How do I properly set the default character encoding used by the JVM (1.5.x) programmatically?
I have read that -Dfile.encoding=whatever
used to be the way to go for older JVMs. I don't have that luxury for reasons I wont get into.
I have tried:
System.setProperty("file.encoding", "UTF-8");
And the property gets set, but it doesn't seem to cause the final getBytes
call below to use UTF8:
System.setProperty("file.encoding", "UTF-8");
byte inbytes[] = new byte[1024];
FileInputStream fis = new FileInputStream("response.txt");
fis.read(inbytes);
FileOutputStream fos = new FileOutputStream("response-2.txt");
String in = new String(inbytes, "UTF8");
fos.write(in.getBytes());
Unfortunately, the file.encoding
property has to be specified as the JVM starts up; by the time your main method is entered, the character encoding used by String.getBytes()

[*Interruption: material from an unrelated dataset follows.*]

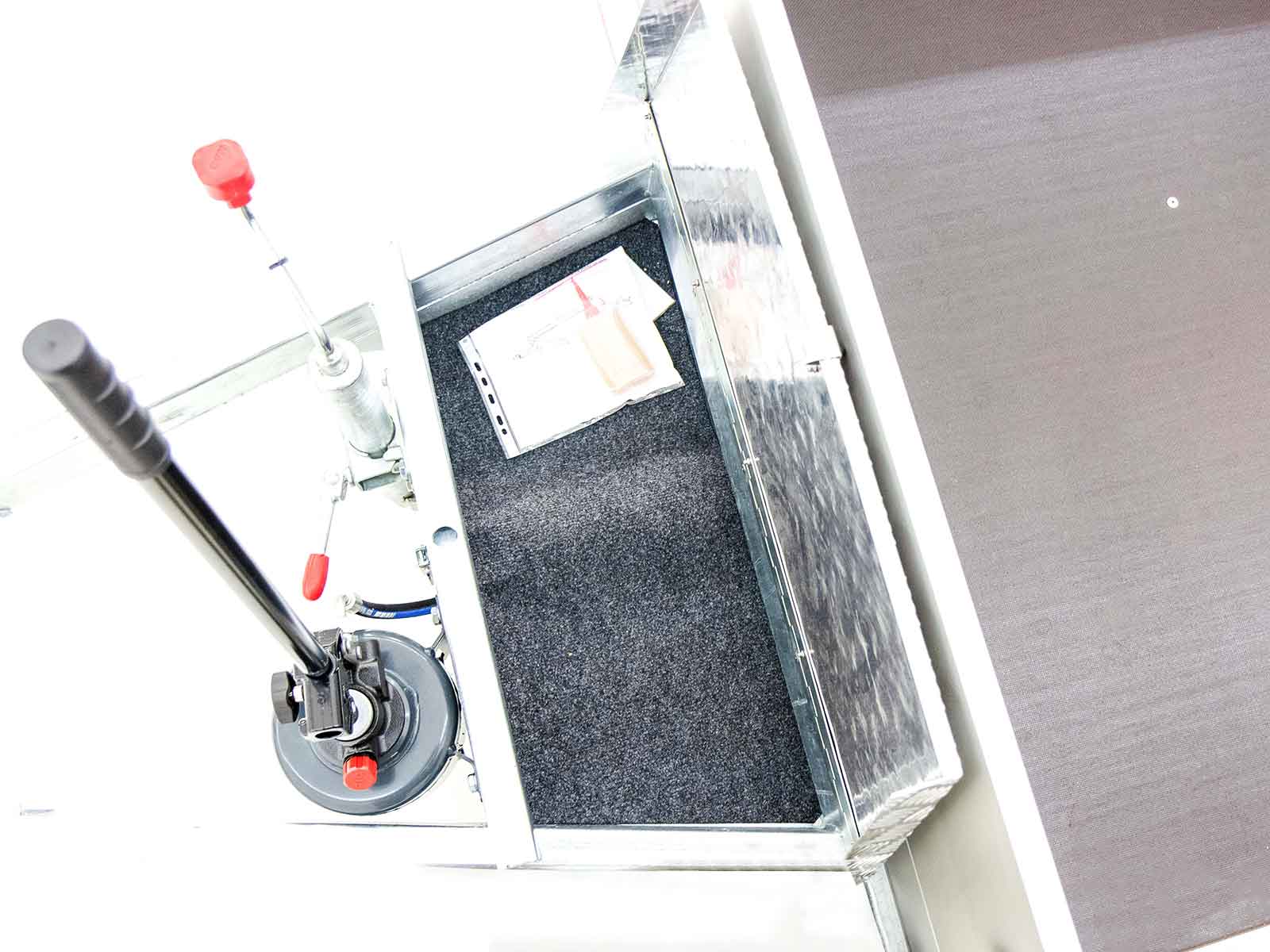 • Ladefläche hydraulisch absenkbar (Handpumpe)

and the default constructors of InputStreamReader
and OutputStreamWriter
has been permanently cached.
As Edward Grech points out, in a special case like this, the environment variable JAVA_TOOL_OPTIONS
can be used to specify this property, but it's normally done like this:
java -Dfile.encoding=UTF-8 … com.x.Main
Charset.defaultCharset()
will reflect changes to the file.encoding
property, but most of the code in the core Java libraries that need to determine the default character encoding do not use this mechanism.
When you are encoding or decoding, you can query the file.encoding
property or Charset.defaultCharset()
to find the current default encoding, and use the appropriate method or constructor overload to specify it.